This push belt 10 is shown in more detail in Figures 3 and 4 , Figure 3 showing a cross section through the push belt 10 and Figure 4 showing a side view in the axial direction of a transverse element 11 from it . The cross section shows the front view of the transverse element 11 , which is provided on either side with a recess , in each of which a set of rings 12 is accommodated. The sets of rings 12 and the transverse
element 11 enclose one another in the radial or height direction, but the transverse elements 11 can move along the sets of rings 12 in the circumferential direction thereof . The transverse elements 11 are also provided with a protuberance in the circumferential direction of the push belt 10 , i . e . stud 13 , and with a pocket 14 arranged in an opposite main side of the element 11 , which stud 13 and pocket 14 are used to stabilize the series of transverse elements 11 with respect to one another in the push belt 10.
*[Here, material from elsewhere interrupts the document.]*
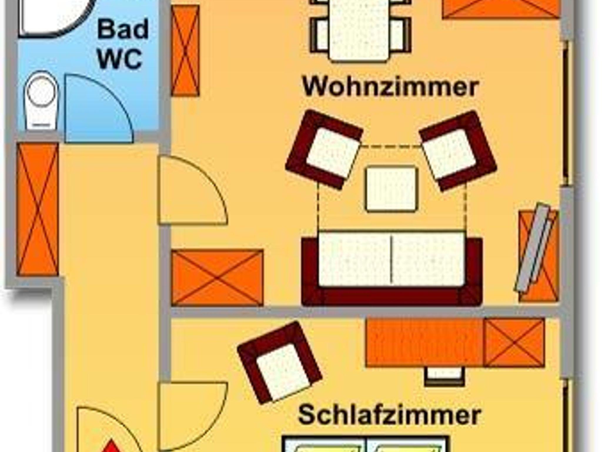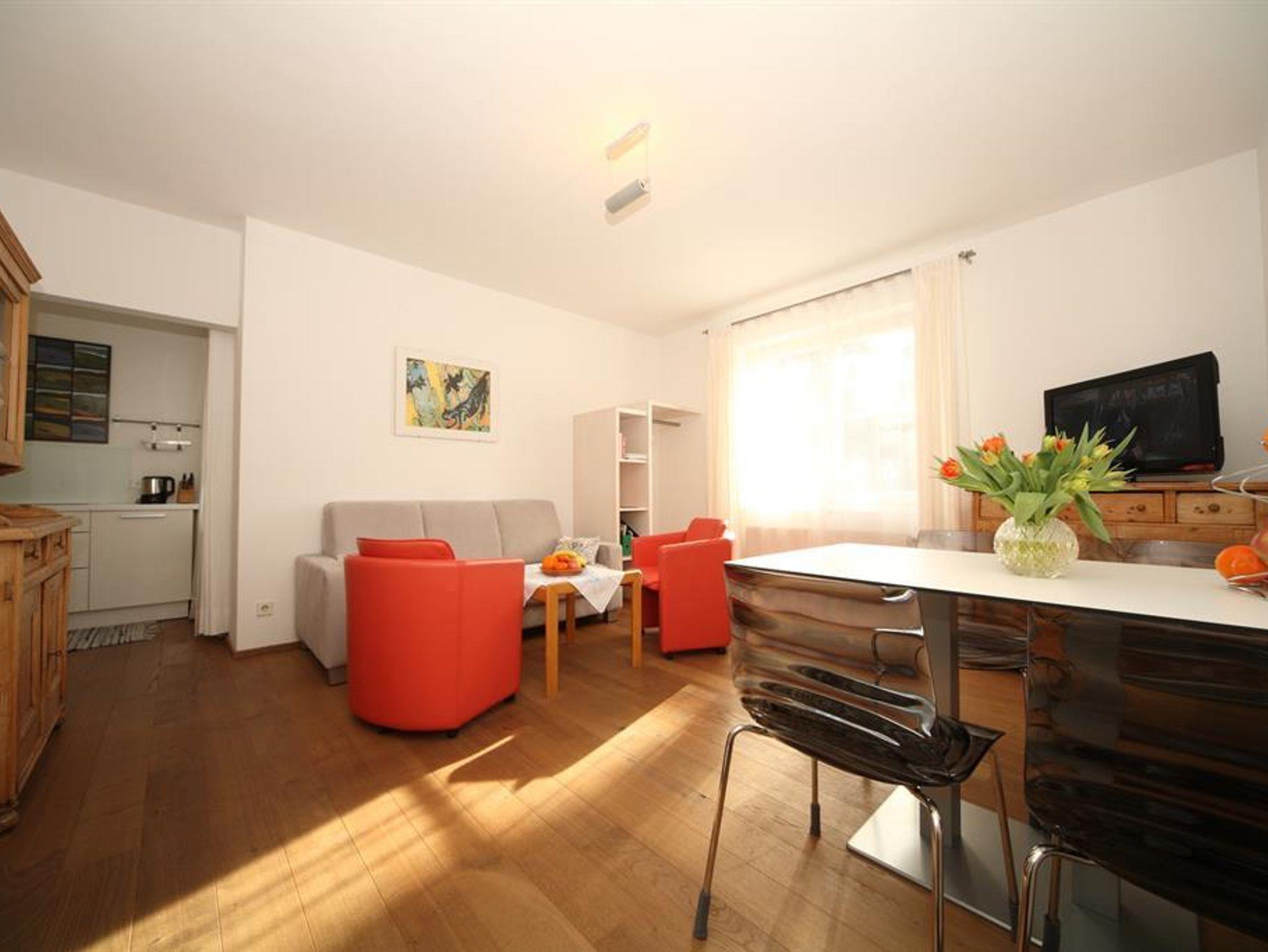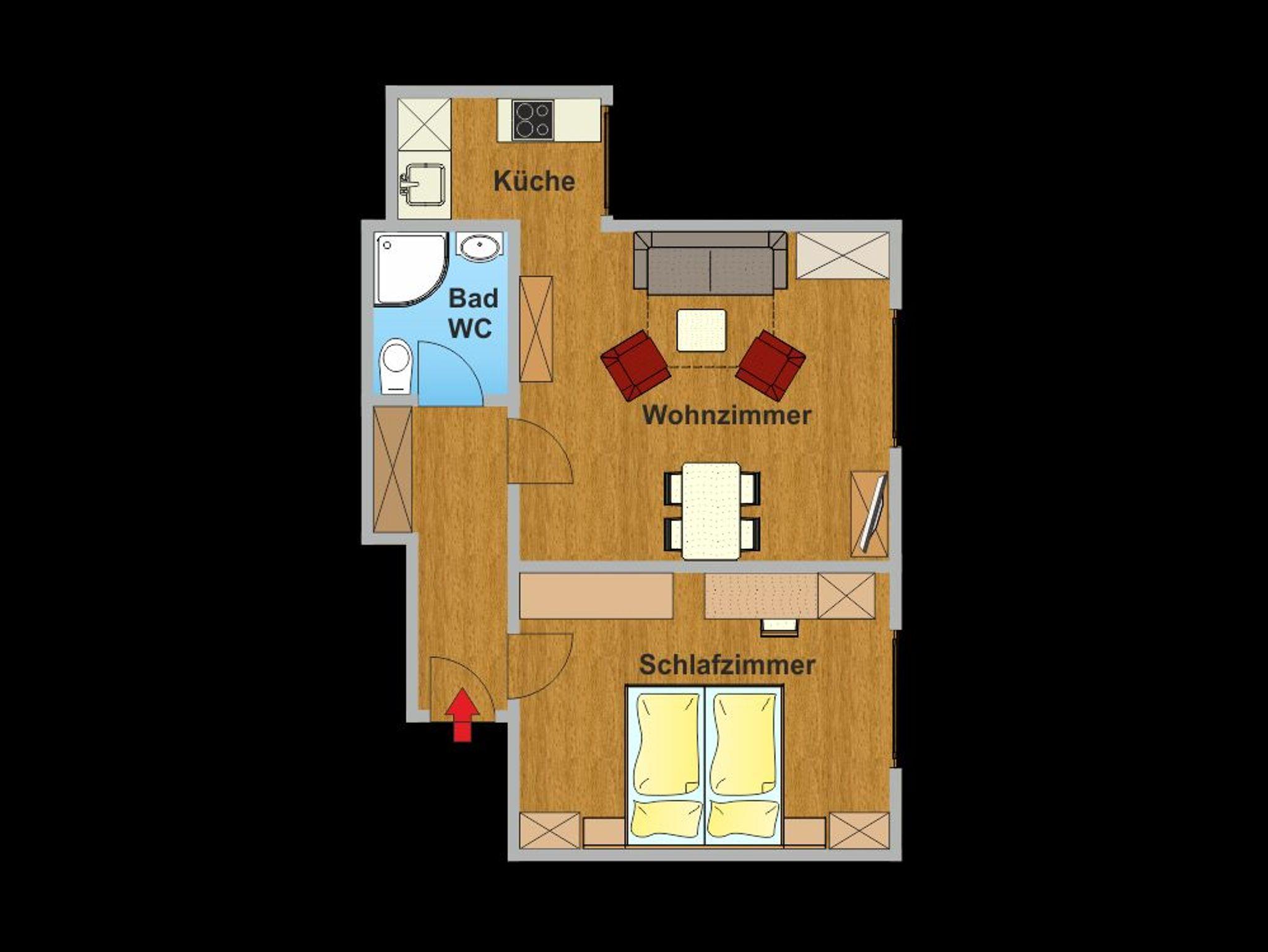 Das gemütlich und modern eingerichtete Appartement Breitfuss bietet auf 50m² Platz für 2-3 Personen. Die Parterrewohnung verfügt über ein Schlafzimmer mit Doppelbett für zwei Personen und einen Schlaf- Wohnraum für 1 Person. Die voll - ausgestattete Küche befindet sich in einer Nische im Wohnzimmer. Der Esstisch bietet Platz für 4 Personen. Das Bad verfügt über eine Dusche und ein WC.

As seen from the side , a bottom section 15 of the transverse element 11 at least effectively tapers radially inwards , so that adjacent transverse elements 11 can tilt with respect to one another and the push belt 10 can describe an arc, for example where it is clamped between the pulley sheaves 21 , 22 , 31 , 32 of the respective pulleys 2 and 3. It should be noted that the abovementioned effective radial position, i . e . the effective running radius Rp, Rs of the push belt 10 , substantially corresponds to a radial position of the top side of the bottom section 15 of the transverse element 11 , which top side is also referred to as the tilting line 17 of the transverse elements 11 , along which they are in contact with one another in the said arc . The bottom section 15 is also provided on either side with what are known as contact surfaces 16 , via which the transverse element 11 is clamped between the pulley sheaves 21 , 22 ; 31 , 32 , the rotation of a driving pulley 2 being transmitted via friction to the clamped transverse elements 11. This can produce a considerable pushing force between the transverse elements 11, with the result that they advance one another along the ring sets 12 in the direction of the driven pulley 3. Then, where the push belt 10 is clamped between the sheaves 31 and 32 of the driven pulley 3 , the pushing force which is present between the transverse elements 11 is virtually completely transmitted via friction thereof . The transverse
elements 11 finally push one another back from the driven pulley 3 to the driving pulley 2 under a relatively low pushing force . The sets of rings 12 in this context ensure that the transverse elements 11 continue to follow the path intended for the push belt 10.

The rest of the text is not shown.